==== TASK INPUTS ====

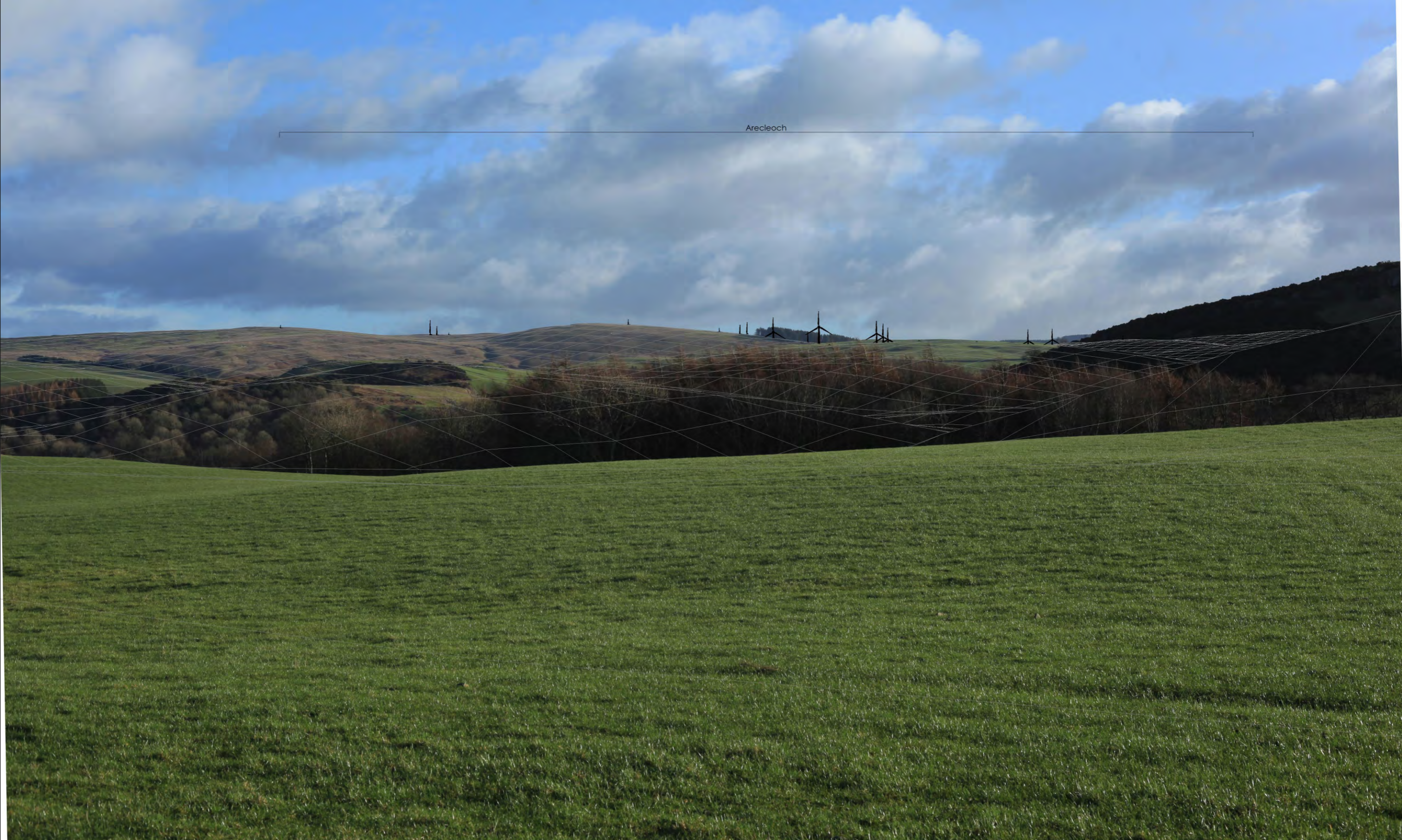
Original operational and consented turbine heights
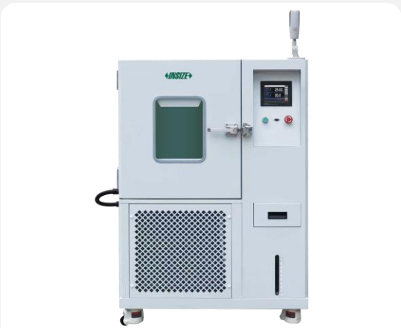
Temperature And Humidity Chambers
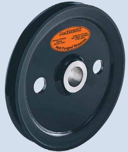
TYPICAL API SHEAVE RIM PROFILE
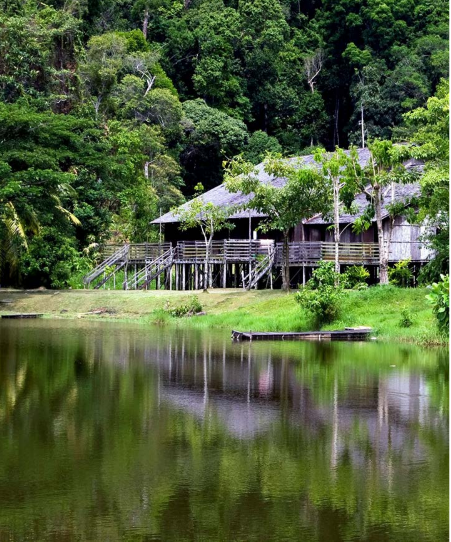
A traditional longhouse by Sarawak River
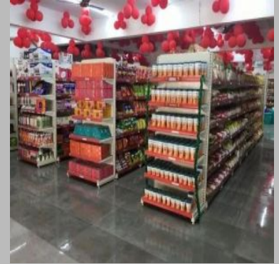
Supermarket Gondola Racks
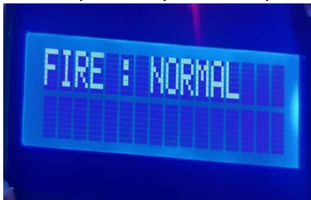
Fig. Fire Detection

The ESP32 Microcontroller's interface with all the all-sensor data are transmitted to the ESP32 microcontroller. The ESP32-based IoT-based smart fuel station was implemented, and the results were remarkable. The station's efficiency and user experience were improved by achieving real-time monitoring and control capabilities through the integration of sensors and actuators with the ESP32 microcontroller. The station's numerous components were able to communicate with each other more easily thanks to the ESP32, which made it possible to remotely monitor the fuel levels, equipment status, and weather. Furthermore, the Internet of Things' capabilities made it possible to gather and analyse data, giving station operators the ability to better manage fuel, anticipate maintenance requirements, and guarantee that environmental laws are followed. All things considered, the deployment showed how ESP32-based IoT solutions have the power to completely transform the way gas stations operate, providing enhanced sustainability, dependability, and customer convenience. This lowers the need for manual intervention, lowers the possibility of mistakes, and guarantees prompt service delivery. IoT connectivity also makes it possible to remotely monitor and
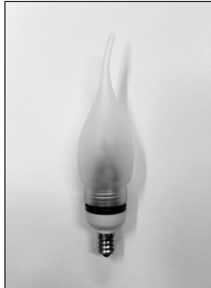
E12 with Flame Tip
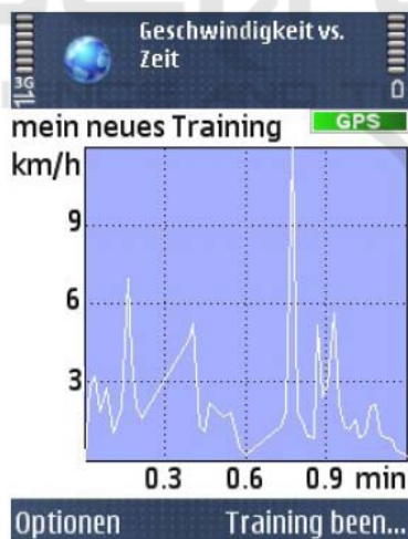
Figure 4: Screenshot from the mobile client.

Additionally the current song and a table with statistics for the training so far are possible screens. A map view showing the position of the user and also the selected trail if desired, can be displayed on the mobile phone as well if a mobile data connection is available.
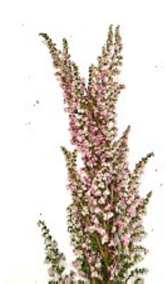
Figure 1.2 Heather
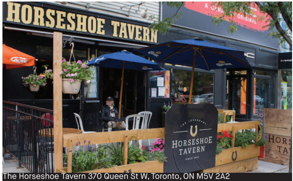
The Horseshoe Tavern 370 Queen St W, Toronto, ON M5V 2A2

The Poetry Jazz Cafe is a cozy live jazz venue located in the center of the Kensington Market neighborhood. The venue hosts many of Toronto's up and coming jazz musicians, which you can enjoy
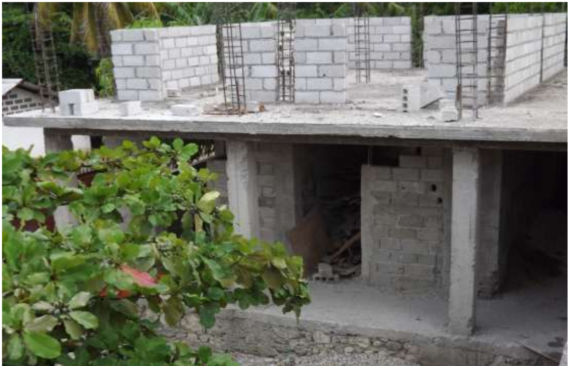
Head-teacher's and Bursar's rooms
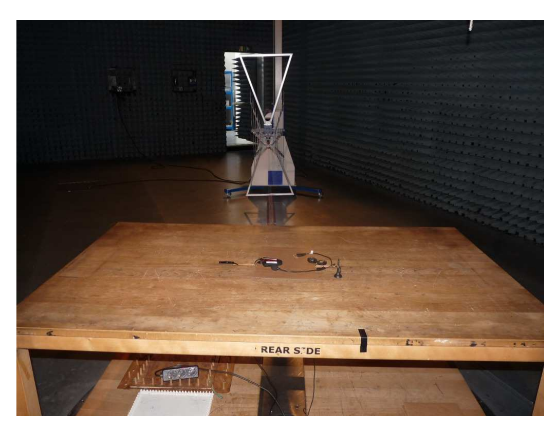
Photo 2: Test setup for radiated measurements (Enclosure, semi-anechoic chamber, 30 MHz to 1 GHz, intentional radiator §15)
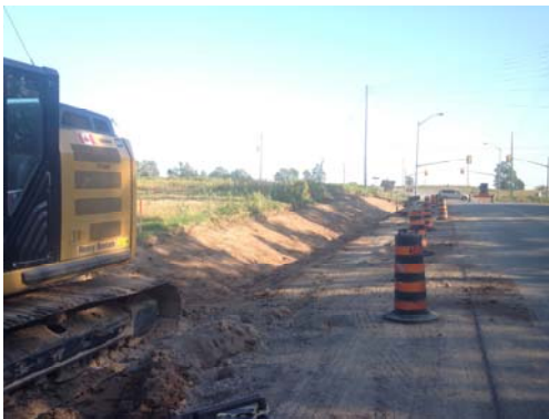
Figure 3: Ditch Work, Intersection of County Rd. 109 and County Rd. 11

====
==== TASK INPUTS ====

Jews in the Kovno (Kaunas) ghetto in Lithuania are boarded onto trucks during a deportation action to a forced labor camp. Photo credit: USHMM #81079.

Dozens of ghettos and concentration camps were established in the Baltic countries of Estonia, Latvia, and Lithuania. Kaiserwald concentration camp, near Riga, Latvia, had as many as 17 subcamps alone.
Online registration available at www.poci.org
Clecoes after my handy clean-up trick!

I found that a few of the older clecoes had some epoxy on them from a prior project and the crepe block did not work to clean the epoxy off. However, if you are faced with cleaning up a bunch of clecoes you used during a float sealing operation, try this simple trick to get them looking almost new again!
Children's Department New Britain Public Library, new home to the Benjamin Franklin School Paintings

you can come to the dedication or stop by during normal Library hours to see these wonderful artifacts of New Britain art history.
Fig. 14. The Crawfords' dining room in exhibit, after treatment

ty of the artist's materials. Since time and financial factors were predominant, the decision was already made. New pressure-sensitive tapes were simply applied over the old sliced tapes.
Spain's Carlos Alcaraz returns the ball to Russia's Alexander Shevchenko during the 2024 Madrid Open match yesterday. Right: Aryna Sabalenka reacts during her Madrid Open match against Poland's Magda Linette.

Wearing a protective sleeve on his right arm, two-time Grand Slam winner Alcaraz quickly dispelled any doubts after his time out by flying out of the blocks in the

====

WHAT YOU NEED TO DO
The word "Figure" appears in some of the lines above. Copy those lines.

ANSWER SPACE
Figure 4: Screenshot from the mobile client.
Figure 1.2 Heather
Figure 3: Ditch Work, Intersection of County Rd. 109 and County Rd. 11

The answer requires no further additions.